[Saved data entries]

----------------------------------------

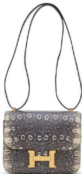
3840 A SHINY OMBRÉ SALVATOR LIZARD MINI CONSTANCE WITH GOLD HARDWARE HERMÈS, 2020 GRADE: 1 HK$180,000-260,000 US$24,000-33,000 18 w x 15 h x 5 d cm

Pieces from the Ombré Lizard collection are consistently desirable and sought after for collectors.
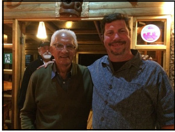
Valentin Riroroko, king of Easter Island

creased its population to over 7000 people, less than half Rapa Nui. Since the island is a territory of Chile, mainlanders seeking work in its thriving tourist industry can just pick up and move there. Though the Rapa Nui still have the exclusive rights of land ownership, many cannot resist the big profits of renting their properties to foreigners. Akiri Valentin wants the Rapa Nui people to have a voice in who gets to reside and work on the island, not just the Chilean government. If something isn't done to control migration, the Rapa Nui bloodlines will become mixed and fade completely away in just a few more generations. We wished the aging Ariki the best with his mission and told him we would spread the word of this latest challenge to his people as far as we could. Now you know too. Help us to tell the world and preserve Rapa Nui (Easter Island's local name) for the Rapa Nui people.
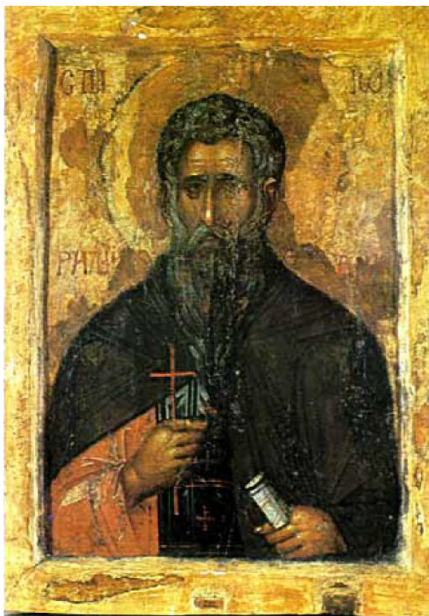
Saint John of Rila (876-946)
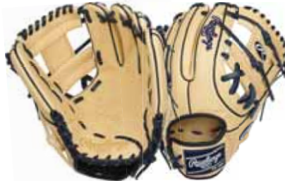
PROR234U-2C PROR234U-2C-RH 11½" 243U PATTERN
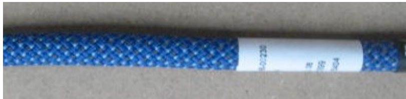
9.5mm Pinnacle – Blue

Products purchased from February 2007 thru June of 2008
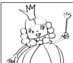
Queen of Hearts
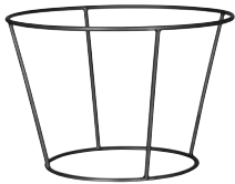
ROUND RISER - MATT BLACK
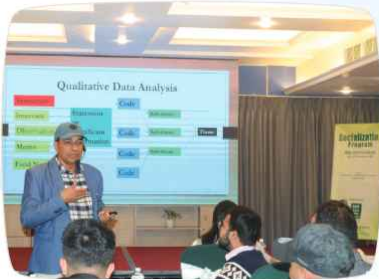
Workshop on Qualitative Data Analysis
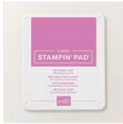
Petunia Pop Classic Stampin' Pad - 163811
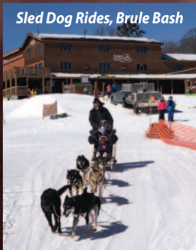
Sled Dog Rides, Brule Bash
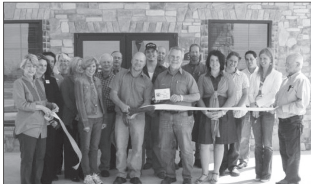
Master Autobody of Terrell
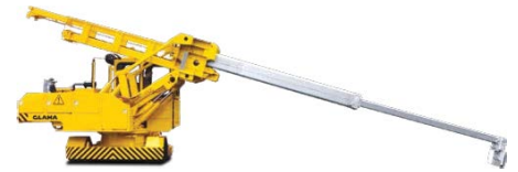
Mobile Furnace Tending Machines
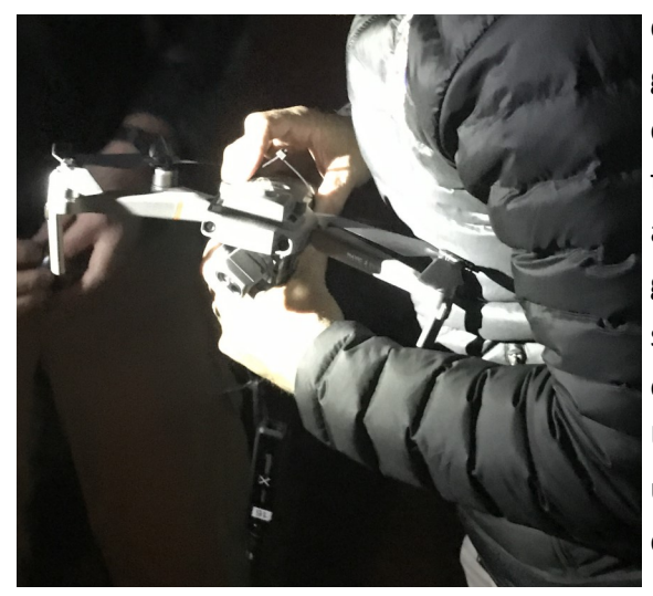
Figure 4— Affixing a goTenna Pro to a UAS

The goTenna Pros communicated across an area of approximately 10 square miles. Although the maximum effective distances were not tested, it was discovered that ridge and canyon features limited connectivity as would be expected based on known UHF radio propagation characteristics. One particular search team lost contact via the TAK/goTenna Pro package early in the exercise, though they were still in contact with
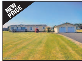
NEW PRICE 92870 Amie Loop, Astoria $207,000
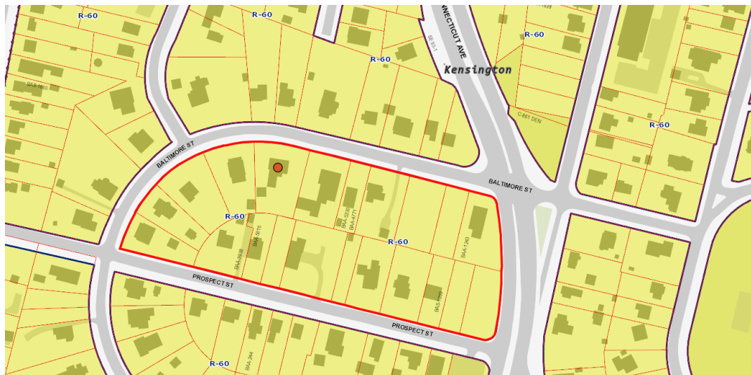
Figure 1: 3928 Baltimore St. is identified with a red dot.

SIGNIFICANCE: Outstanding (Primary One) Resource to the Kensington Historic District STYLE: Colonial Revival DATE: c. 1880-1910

----------------------------------------

## TASK ITEM
The response should consist of the number of lines in the data that hold the word "would", with nothing added.

## RESULT
2